Ernő Schaller-Baross (born January 30, 1987, Budapest) is a diplomat, Member of the European Parliament (MEP) from Hungary, member of the national-conservative political party, Fidesz.

Education 
He finished his studies at the Austrian High School in Budapest, in 2005. In 2010 he graduated from Károli Gáspár University in Hungary Faculty of Law.

Career 
Source:
 His civil servant career started in 2009 as an intern, who worked for a member of the National Assembly of Hungary.
 Between 2010 and 2013, he worked as a desk officer at the Ministry of Public Administration and Justice of Hungary.
 From 2013 to 2018, he was the Director of International Affairs of the Foundation for a Civic Hungary.
 Between 2017 and 2018, he supported the leader of the Parliamentary Group of Fidesz as a foreign policy advisor.
 Between May 2018 and January 2021, he was the Deputy State Secretary for International Affairs at the Prime Minister's Office of Hungary
 Since 2021, he has been announced by the Fidesz-KDNP as a Member of the European Parliament (MEP)

Areas of expertise

• Digital politics and artificial intelligence

• Small and medium enterprises

• Skills, competencies, mobility

• EU institutional and interinstitutional affairs

• EU external relations 

Professional activity in the European Parliament

Ernő Schaller-Baross took over his mandate as a member of the European Parliament in January 2021. He began his career as a full member of the Committee on Legal Affairs (JURI) and the Committee on Employment and Social Affairs (EMPL), and as a substitute member of the Delegation for relations with the United States of America.

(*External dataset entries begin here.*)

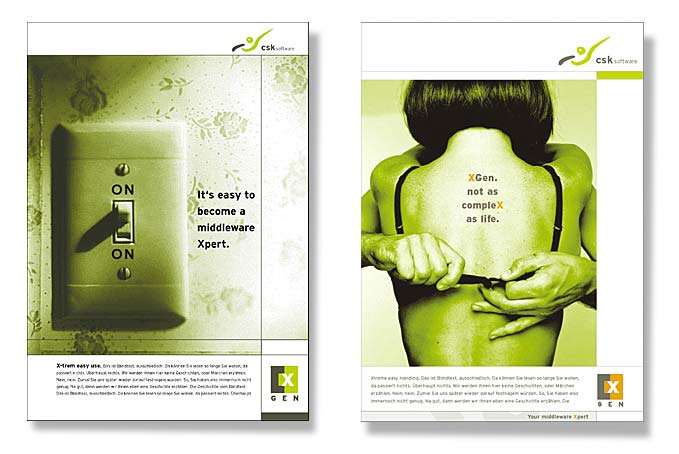 CSK Software AG Entwicklung einer Einführungskampagne für das Produkt X-Gen, einer Software, die als eine Art Übersetzungstool zwischen den unterschiedlichen Systemen der Banken fungiert. Fachhandelsmotive.
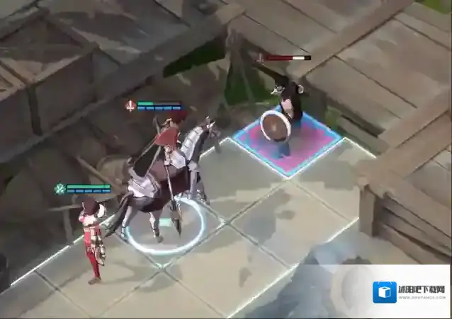 小怪攻高血厚,开局跟这些东西刚正面就是找死,必须先利用二次移动把角色们向地图右侧移动到如下图的位置,这样就能在不惊动左上角两名战士型敌人的情况下,只把这名盗贼型敌人勾引到墙边偷一次艾维迪特的屁股诱发反击。
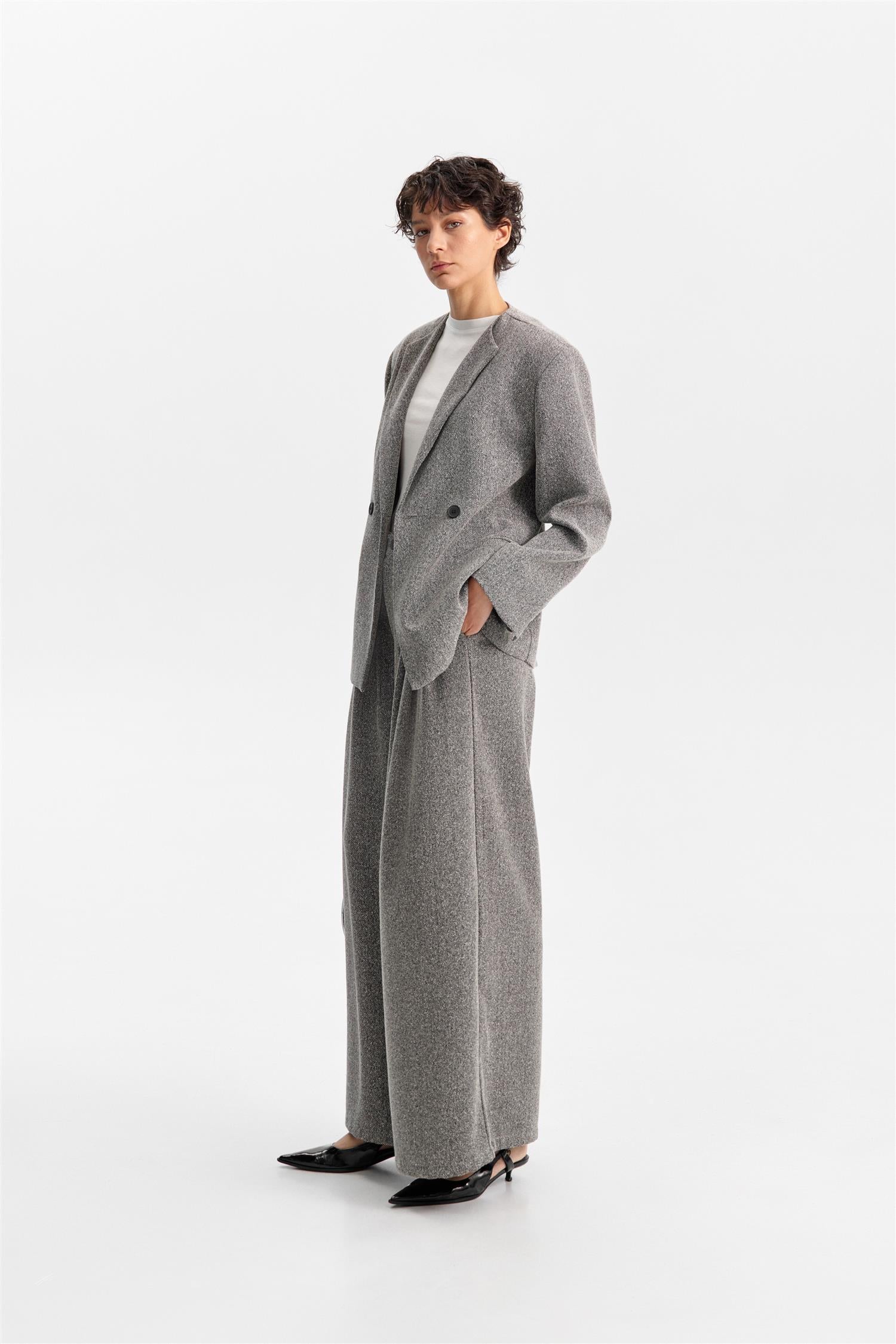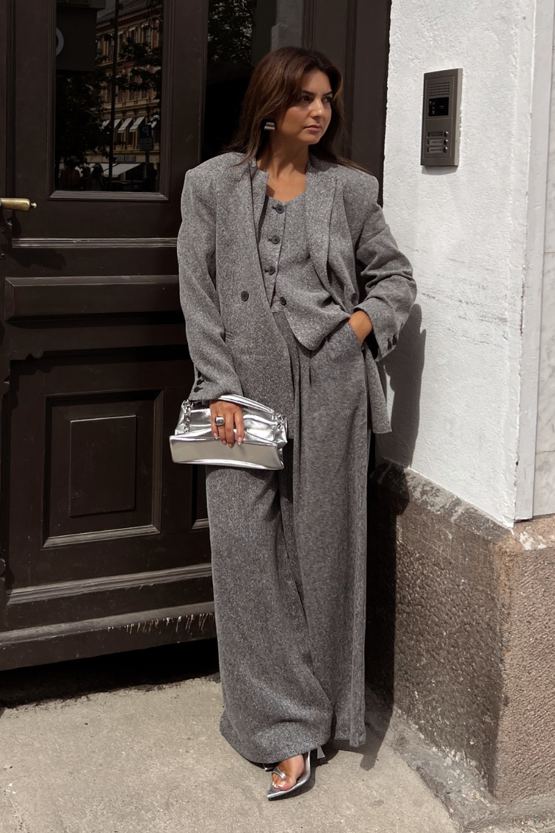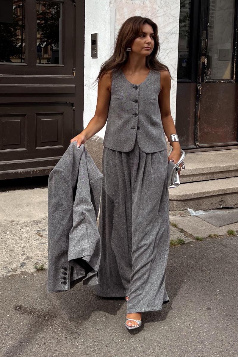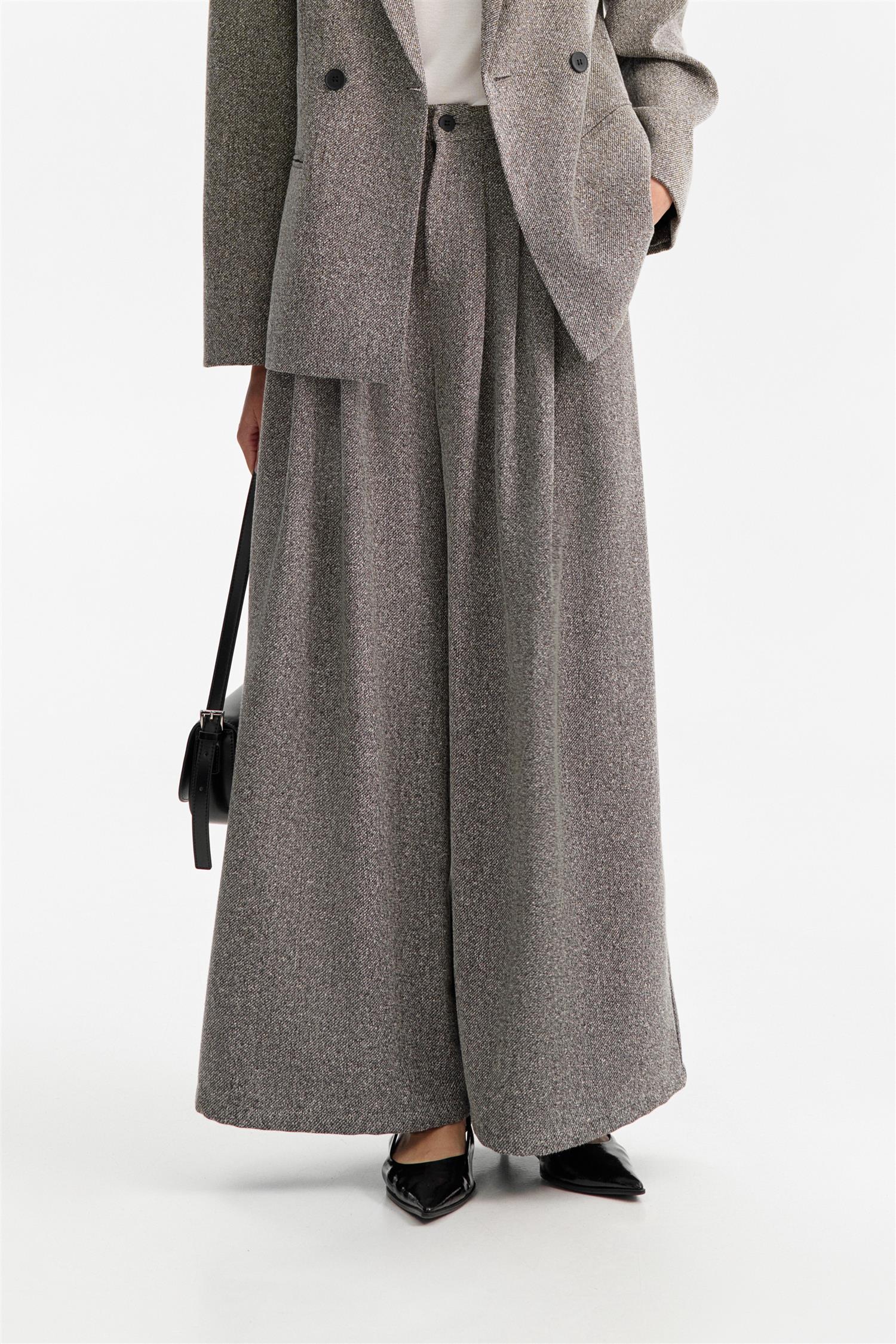 Structured Pants fra Eleh. Trendy og allsidige bukser i en vid modell designet med sidelommer, legg foran og klassisk lukking med knapp og glidelås. Perfekte å bruke alene for en avslappet stil, eller sammen med matchende vest og blazer for et komplett og gjennomført antrekk. Normal i størrelsen.

In the Committee on Legal Affairs, he was directly dealing with the European Parliament's reports on the quality of EU legislation, focusing on proposals that would prevent the EU institutions from overextension and allow Member States to be more closely involved in monitoring subsidiarity and proportionality of EU legislation.

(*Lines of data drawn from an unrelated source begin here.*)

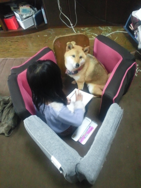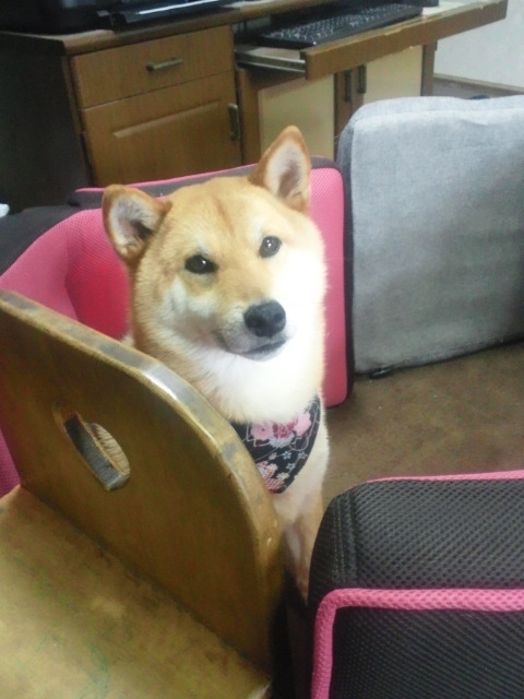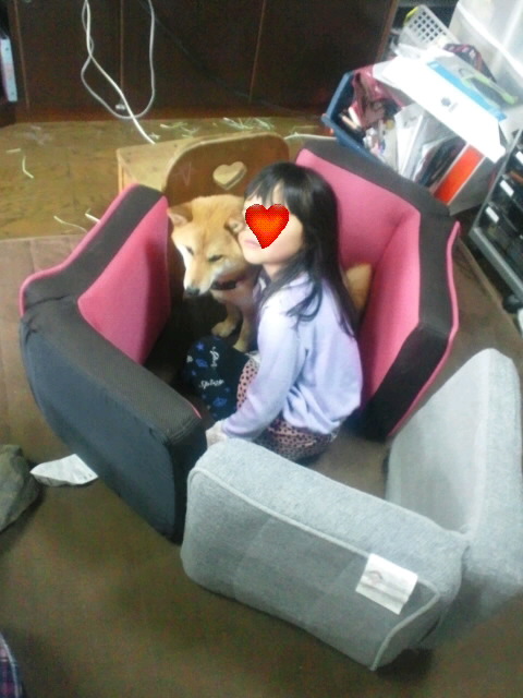 娘ちゃん、自分のスペースに大好きなものを持ち込んで楽しそうです。
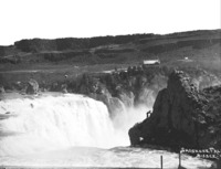 PC-2174 "Shoshone Falls;" close-up view of the Falls, with a man climbing the rocks in foreground right. The Hotel, power lines, and outbuildings can be seen on the south side.
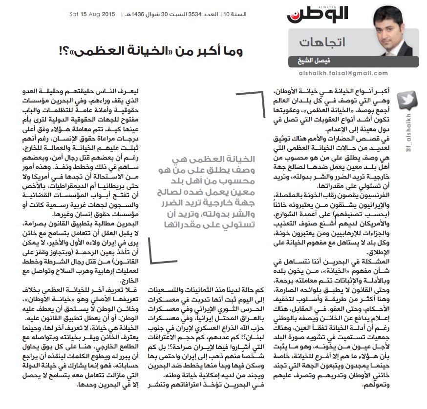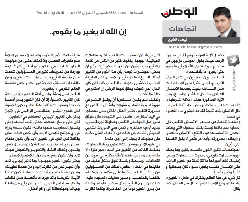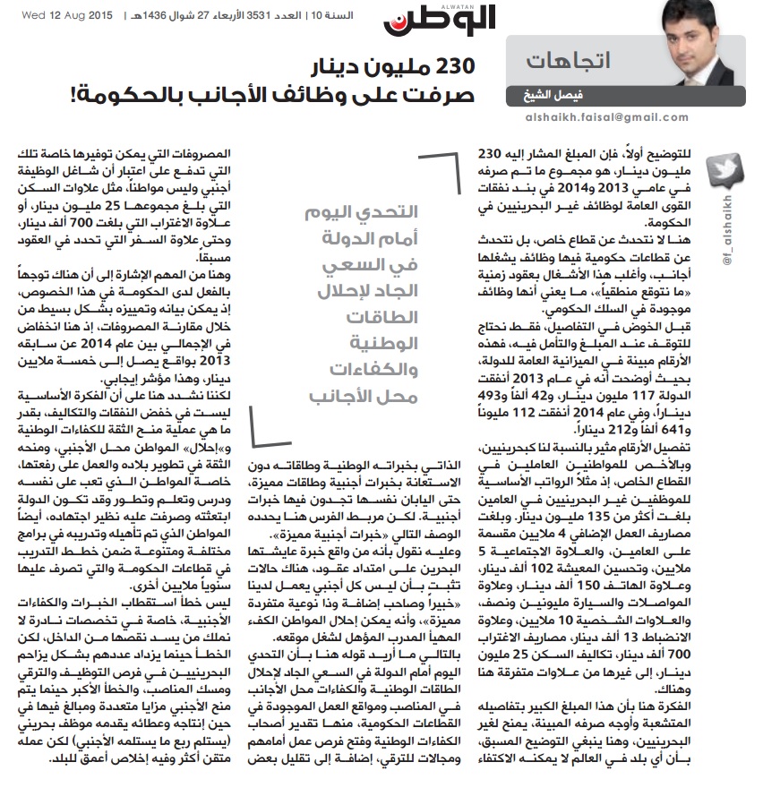 أسترجع حديثنا مع سمو رئيس الوزراء قبل سنوات عن هذا الموضوع، وأتذكر حرقته على خسارة أي كفاءة وطاقة بحرينية شابة، وأهمس في أذن سموه قائلاً: كيف لا يا صاحب السمو، وهناك من يحطم هذه الكفاءات؟!
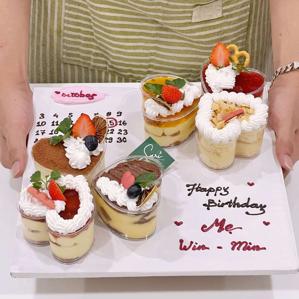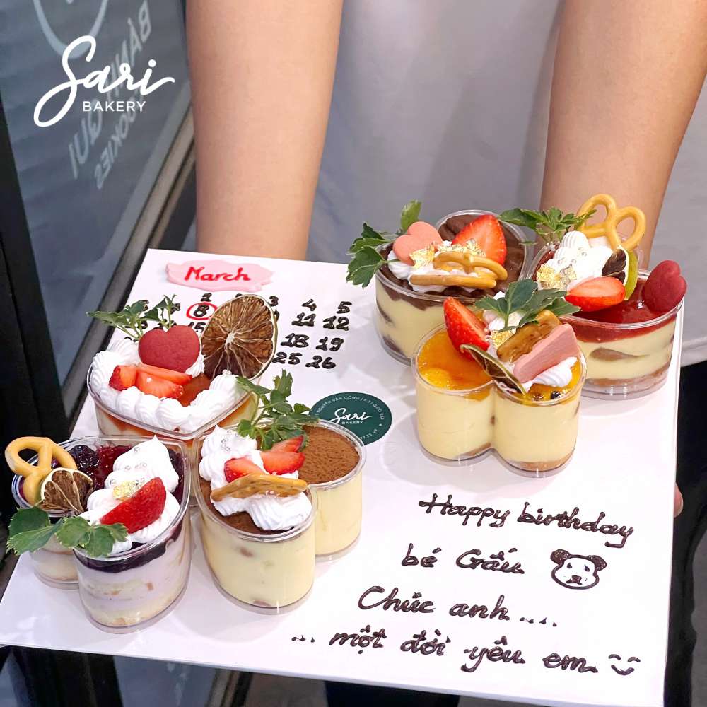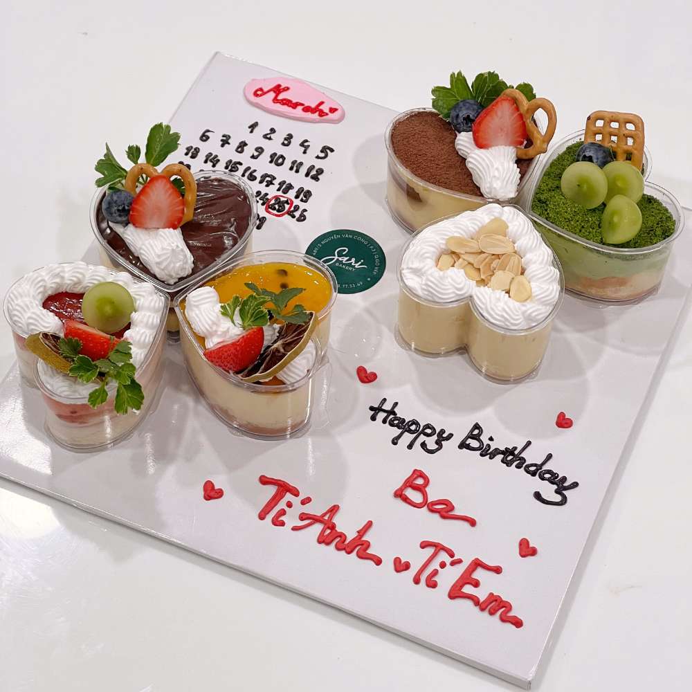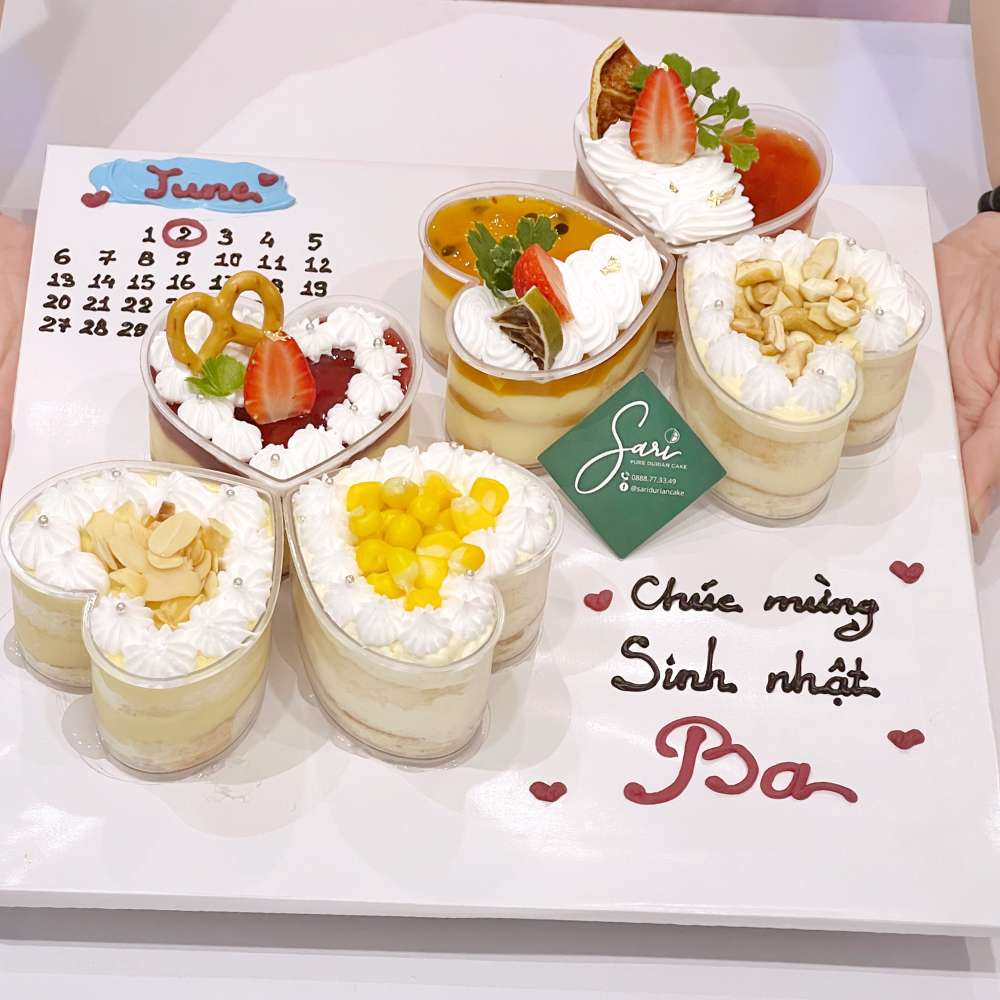 Set 6 ly tim mix vị là lựa chọn bánh sinh nhật mini và bánh tiệc nhỏ được yêu thích tại Sari Bakery. Set gồm 6 ly bánh hình tim với nhiều loại – nhiều vị khác nhau, trang trí đẹp mắt, dễ ăn và phù hợp cho mọi lứa tuổi.

In the area of digital policy, he emphasized the need for transparency, the rule of law and the need for political neutrality with regard to the operation of technology giants.

In September 2021, as non-attached Member of the European Parliament, he became full member of the Special Committee on Artificial Intelligence (AIDA) and substitute member of the Committee on Industry, Research and Energy (ITRE). In his work in the field of artificial intelligence, he is currently examining the future impact of intelligence on the EU economy, in particular in areas such as employment, education or health, and legal and ethical issues. Representing the interests of small and medium-sized enterprises in particular, and especially Hungarian companies, he works in close co-operation with them, focusing on the competitiveness of European companies and objectives set in the Artificial Intelligence Strategy of Hungary.

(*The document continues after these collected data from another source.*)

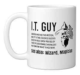 Funny design. Funny tech wizard / computer wizard design. 11-ounce ceramic mug is dishwasher and microwave-safe, lead and BPA free Features glossy finish with accent colors on interior, handle, and rim of two-tone designs
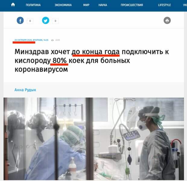 Министерство здравоохранения Украины поймали на лжи Как передает Politeka.net, на интересный нюанс указали на Telegram-канале "Klymenko Time". "Посмотрите как за месяц, например, изменились вводные по обеспечению коек больных коронавирусом кислородом. В сентябре цифру 80% обеспечения кислородом обещали в октябре.
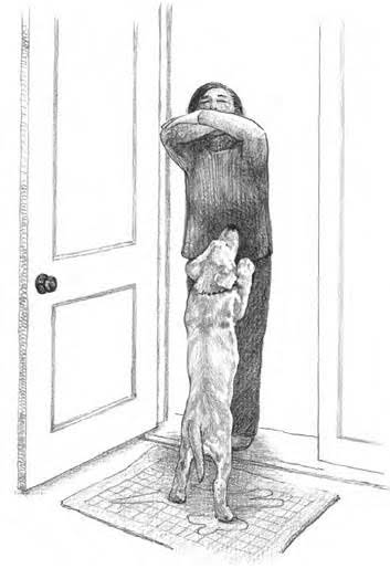 – Come home and ignore your puppy until he’s given up the jumping vigil.
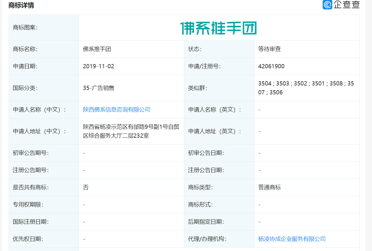 企查查显示,陕西佛系信息咨询有限公司法定代表人是陈化云,工商登记股东有2位,陈化云占股95%,房炜占股5%,其“佛系推手团”商标于2019年11月2日申请,目前仍在审查中。
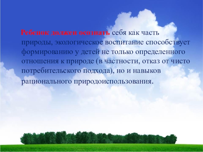 Слайд 7 Ребенок должен осознать себя как часть природы, экологическое воспитание
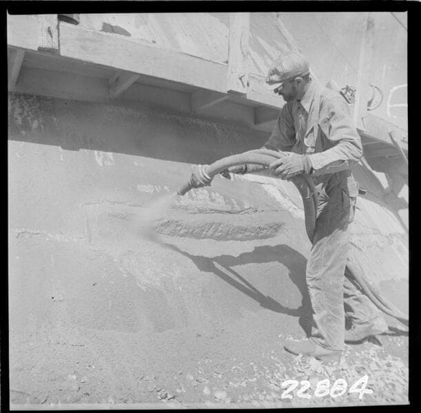 Big Creek, Florence Lake Dam - Day's Work Joint Repair April 1940. Arch #51 after guniting.

Since January 2022 Ernő Schaller-Baross is a member of the Committee on International Trade (INTA), which plays a decisive role in the definition of the Union's trade policy. The role of INTA is to evaluate all EU trade and investment agreements, scrutinise the Commission's work before the start of and during negotiations and co-decide on the legal framework related to international trade given that trade agreements and legal acts can only enter into force with the consent of the European Parliament. The Committee also leads the debate about the future direction of international trade and investments. 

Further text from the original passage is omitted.